Pengalaman tersebut justru membuatnya semakin percaya diri untuk mengembangkan kemampuan berbicara dan menyampaikan pesan keagamaan.
Lebih jauh, Sutriyani ternyata memiliki cita-cita yang cukup kuat. Sejak kecil, ia ingin menjadi guru agama.
“Cita-cita saya dari kecil ingin jadi guru agama, meneruskan ayah,” ungkapnya.
Dukungan keluarga, khususnya sang ayah, menjadi salah satu sumber semangat bagi Sutriyani untuk terus mengembangkan kemampuannya.
Ia mengaku selalu mendapat dukungan ketika mengikuti perlombaan maupun ketika mendapat tugas untuk menyampaikan ceramah di sekolah.
“Terima kasih buat ayah, karena selalu mendukung Sutriyani kalau ada lomba atau disuruh ceramah di sekolah,” tuturnya.
Ia juga menyampaikan terima kasih kepada pihak sekolah yang telah memberikan ruang baginya untuk berkembang.
“Terima kasih juga buat Pak Nandang yang sudah memberikan kesempatan buat Sutriyani untuk berkembang di sekolah,” katanya.
Dibimbing Guru, Belajar Mandiri
Kemampuan Sutriyani dalam menyampaikan materi keagamaan juga tidak muncul begitu saja.
Di sekolah, ia mendapatkan bimbingan dari sejumlah guru, di antaranya Ibu Dea, Farizal dan Bu Lutia.

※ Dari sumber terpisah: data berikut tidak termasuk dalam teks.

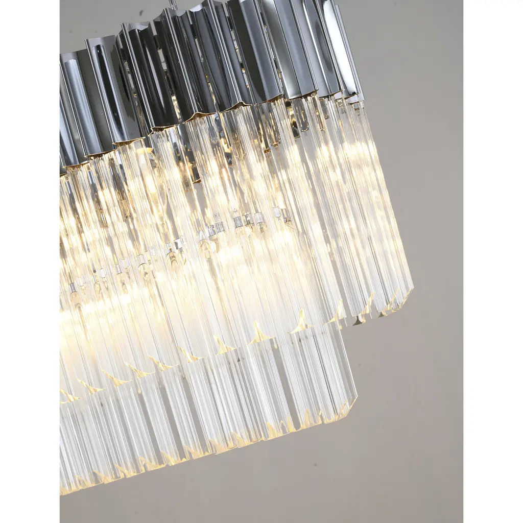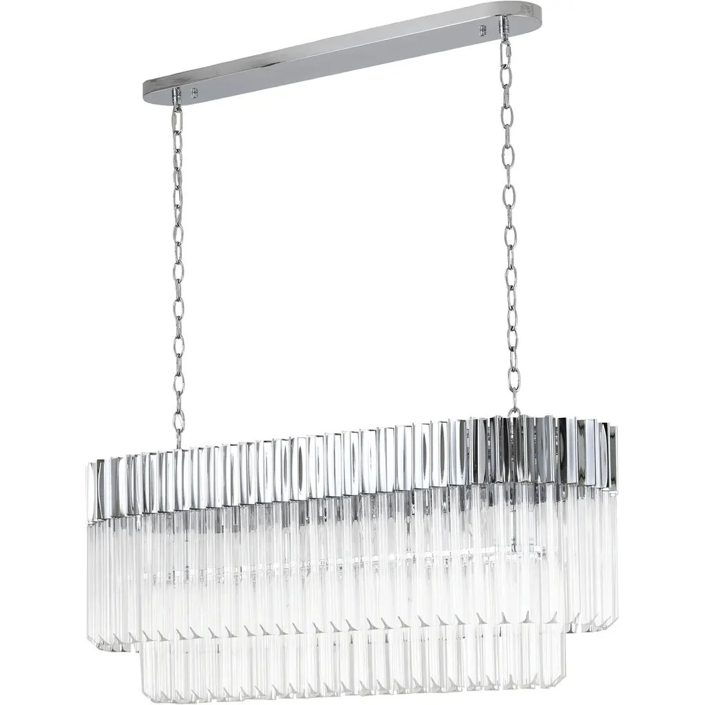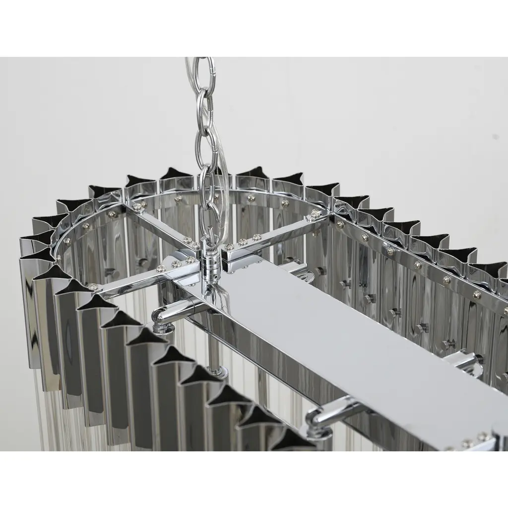 This chandelier is stunning with a chrome stainless steel frame decked with strands of faceted clear crystals, and the crystals further highlight the uniqueness of this chandelier. When you hang this modern crystals chandelier in a room, you will easily be surprised by the magnificent light reflected by the crystals. This fixture showcase opulence and elegance and is the perfect modern accent to any space. If you are also looking for a light source for your living room, foyer, or dinning room. The adjustable chain link makes this fixture suitable for most ceiling heights.

Dalam proses persiapan, Sutriyani juga terbiasa mencari dan mempelajari materi secara mandiri, kemudian menghafalkannya sebelum tampil.
Kebiasaan tersebut telah ia lakukan sejak duduk di bangku sekolah dasar.

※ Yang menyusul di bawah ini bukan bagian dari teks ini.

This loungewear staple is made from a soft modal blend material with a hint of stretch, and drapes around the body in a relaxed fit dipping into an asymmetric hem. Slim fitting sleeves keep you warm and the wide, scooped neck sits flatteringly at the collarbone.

Hal itu menjadi modal penting baginya ketika harus tampil di depan ratusan orang.
Maulid Jadi Momentum Mengasah Potensi Siswa
Bagi Sutriyani, kegiatan Maulid Nabi di sekolah bukan hanya tentang mendengarkan tausiah.
Ia melihat kegiatan tersebut sebagai kesempatan bagi siswa untuk mengasah bakat dan keberanian.

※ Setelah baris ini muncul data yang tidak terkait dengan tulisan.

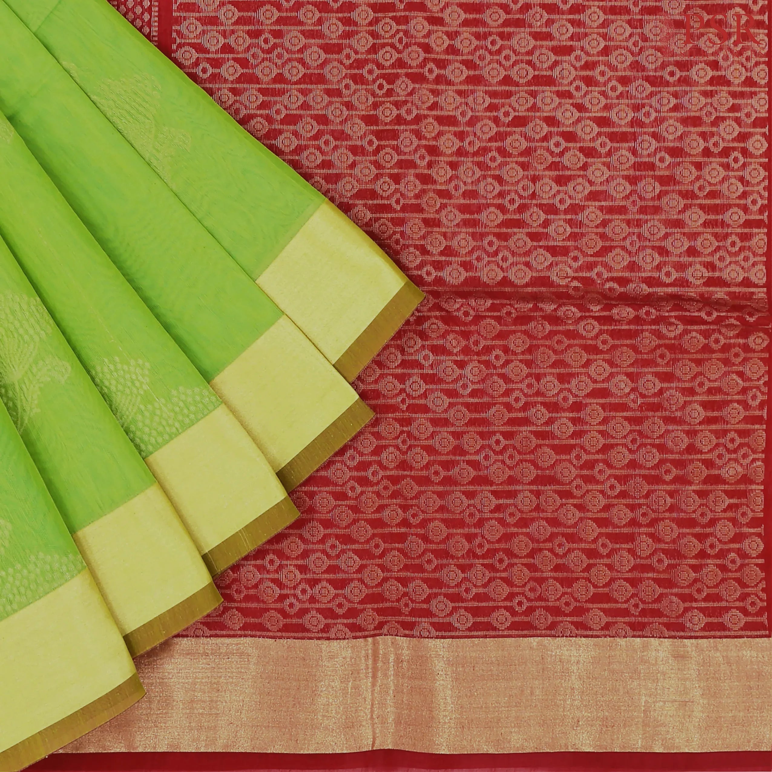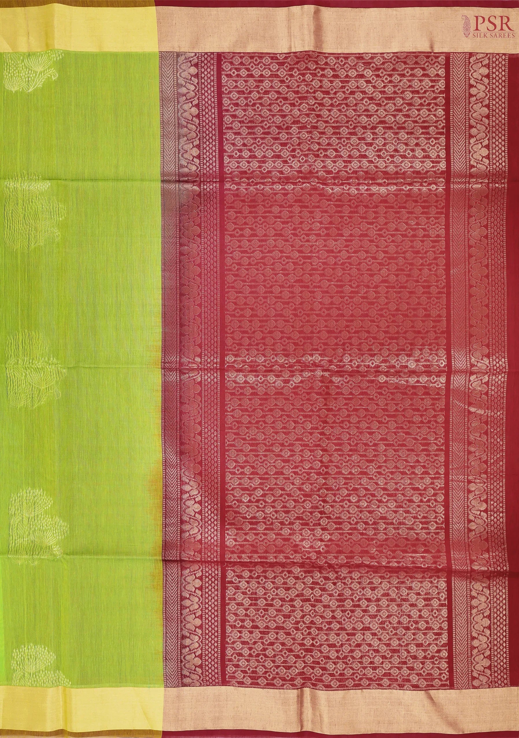 PSR Silk Sarees presents a Parrot Green colored Silk Cotton saree with combination of Maroon color.

Antusiasme siswa SMPN 3 Batujajar juga terlihat dalam berbagai kegiatan yang digelar sekolah.
Selain peringatan Maulid Nabi, para siswa turut mengikuti berbagai perlombaan dalam rangka memeriahkan HUT Kemerdekaan RI ke-81.
Menurut Sutriyani, teman-temannya sangat antusias mengikuti kegiatan karena selain menyenangkan, berbagai perlombaan juga menjadi ruang untuk menunjukkan kemampuan masing-masing.
Semangat itu pula yang membuatnya semakin terdorong untuk terus mengembangkan potensinya.
Di hadapan ratusan siswa dan guru, Sutriyani akhirnya mampu menyelesaikan tausiah dengan baik.
Selain tausiah, peringatan Maulid Nabi Muhammad SAW di SMPN 3 Batujajar juga diramaikan dengan berbagai perlombaan yang melibatkan para siswa.
Sejumlah lomba yang digelar antara lain Musabaqah Hifdzil Quran (MHQ), kaligrafi, olimpiade, ceramah, hingga konten kreatif. Berbagai kegiatan tersebut menjadi bagian dari upaya sekolah memberikan ruang kepada siswa untuk mengembangkan kemampuan sekaligus memperkuat nilai-nilai keagamaan.
Selesai Peringatan maulid nabi, langsung gas perlombaan HUT RI ke-81 tahun diantaranya lomba amaging rice, bakiak, voli jumbo, estafet air, estafet sarung.